# FreeBSD - Beginner



## Nokobon (Apr 13, 2009)

Hello,

For some month I'm using openSUSE on my desktop, but all in all I am an absolute beginner to UNIX-like systems.
I've just installed FreeBSD 7.1 on my old computer (without GUI, because I thought that could be a good way to really learn the commands and that stuff).

I'd like to learn how to set up a server and thought FreeBSD could be a suitable operating system.

Of course I know, first I have to learn much about the operating system itself, before trying to get it on the internet.

I've read the official documentation but now I am looking for a good book covering all the basic topics regarding to FreeBSD.
It should explain everything comprehensible to a newbie...

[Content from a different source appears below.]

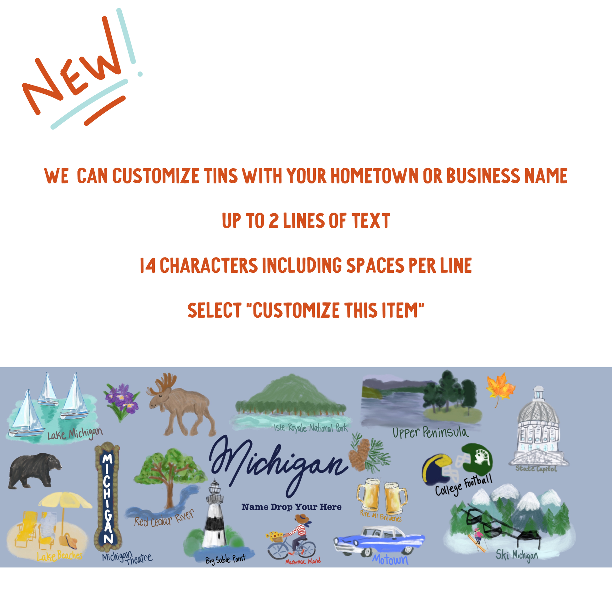 Delight your customers with gourmet snacks that are a taste of the South! This beautifully designed Michigan State Gift Tin features original artwork showcasing notable cities and points of interest in Michigan. It's the perfect way to celebrate local love and makes a memorable gift for any occasion. Filled with your choice of delicious Watanut Shortbread Cookies or Gourmet Nuts, this tin offers a premium treat and a touch of Southern charm.

So can you recommend me any literature?

I found this:
http://www.amazon.de/gp/product/159...&pf_rd_t=101&pf_rd_p=463375173&pf_rd_i=301128
Do you know it and think it is suitable for me?


Nokobon


----------



## joel@ (Apr 13, 2009)

Nokobon said:
			
		

> Do you know it and think it is suitable for me?


Yes.


----------



## Nokobon (Apr 13, 2009)

joel@ said:
			
		

> Yes.



Do you know if building an HTTP-Server is adequate explained in that book? Or do I need special literature for this?

By the way...do you think it is realistic for a beginner to build a server with FreeBSD or do I need years of experience?


----------



## znaya (Apr 13, 2009)

In my opinion "Absolute FreeBSD" is, probably, a better option for beginners than the handbook. It's not complete and exhaustive but it's a good begin.


----------



## joel@ (Apr 13, 2009)

Nokobon said:
			
		

> Do you know if building an HTTP-Server is adequate explained in that book? Or do I need special literature for this?
> 
> By the way...do you think it is realistic for a beginner to build a server with FreeBSD or do I need years of experience?


The book has some info on setting up Apache on FreeBSD. That shouldn't be a problem.

...and I think FreeBSD is an excellent choice for beginners. Setting up (for example) a web server isn't very hard. With the right literature available, you probably won't have any major problems.


----------



## mbr661 (Apr 14, 2009)

A good book I found for bulding servers in FreeBSD is  
Building a Server with FreeBSD 7 
by Bryan J. Hong

Have Fun!!


----------



## tangram (Apr 14, 2009)

Go for Absolute FreeBSD and Building a Server with FreeBSD 7. I've reviewed the former at http://linux-bsd-sharing.blogspot.com/2009/01/book-review-absolute-freebsd-complete.html.

Both of these books are great and will help you a lot.


----------



## Nokobon (Apr 14, 2009)

Thank you very much for your helpful advises!
I'll go for "Absolute FreeBSD" and maybe later "Building a Server with FreeBSD"...
I hope I'll understand everything as my English is not really good^^

I got another question:
Should I install a GUI like KDE or is it better to do everything with console when I want to learn BSD and build a server?


----------



## DutchDaemon (Apr 14, 2009)

The latter. Servers with a GUI are an abomination, IMO.


----------



## tangram (Apr 14, 2009)

Nokobon said:
			
		

> I got another question:
> Should I install a GUI like KDE or is it better to do everything with console when I want to learn BSD and build a server?



Install the FreeBSD on the server. Enable SSH and do the configuration where your want, e.g. from a FreeBSD, Linux, MacOS or even Windows desktop.

People don't use GUIs on their desktops because these mean more packages, more updates, more chances of things going wrong in upgrades and above all further security worries.


----------